Your answer must be only the lines below from the one containing "Higonokami White Steel" through the one containing "Positive definite kernels", copied exactly, with the pictures left out.

→ SUPPLIED DATA:

=== Section Start ===

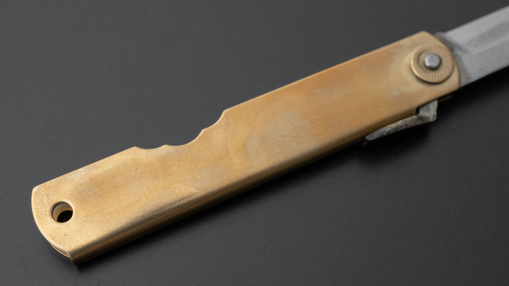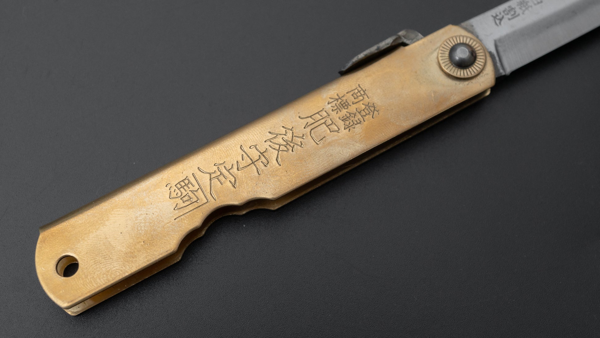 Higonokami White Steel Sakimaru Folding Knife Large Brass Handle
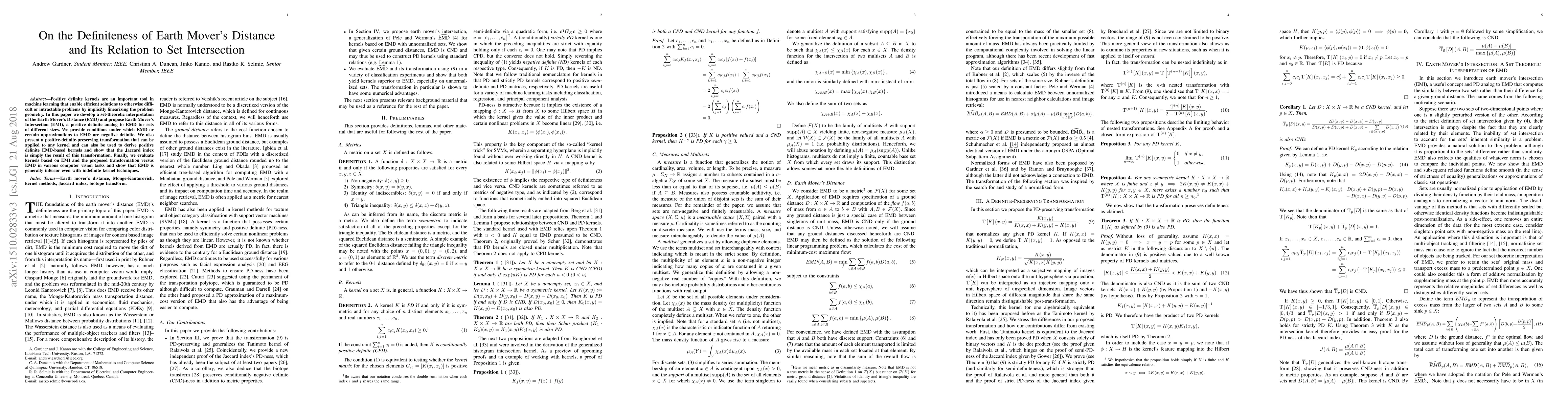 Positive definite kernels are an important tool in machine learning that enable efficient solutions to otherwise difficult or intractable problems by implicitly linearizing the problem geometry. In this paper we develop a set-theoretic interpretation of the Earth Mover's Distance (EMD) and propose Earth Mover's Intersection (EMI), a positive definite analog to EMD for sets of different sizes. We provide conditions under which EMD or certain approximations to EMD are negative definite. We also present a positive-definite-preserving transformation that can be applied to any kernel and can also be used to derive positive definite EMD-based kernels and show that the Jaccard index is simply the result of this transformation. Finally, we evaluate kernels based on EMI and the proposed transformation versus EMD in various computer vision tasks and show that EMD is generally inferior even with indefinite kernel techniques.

=== Section End ===
=== Section Start ===

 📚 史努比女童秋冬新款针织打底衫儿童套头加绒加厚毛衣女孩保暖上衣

=== Section End ===

→ YOUR RESPONSE:
 Higonokami White Steel Sakimaru Folding Knife Large Brass Handle
 Positive definite kernels are an important tool in machine learning that enable efficient solutions to otherwise difficult or intractable problems by implicitly linearizing the problem geometry. In this paper we develop a set-theoretic interpretation of the Earth Mover's Distance (EMD) and propose Earth Mover's Intersection (EMI), a positive definite analog to EMD for sets of different sizes. We provide conditions under which EMD or certain approximations to EMD are negative definite. We also present a positive-definite-preserving transformation that can be applied to any kernel and can also be used to derive positive definite EMD-based kernels and show that the Jaccard index is simply the result of this transformation. Finally, we evaluate kernels based on EMI and the proposed transformation versus EMD in various computer vision tasks and show that EMD is generally inferior even with indefinite kernel techniques.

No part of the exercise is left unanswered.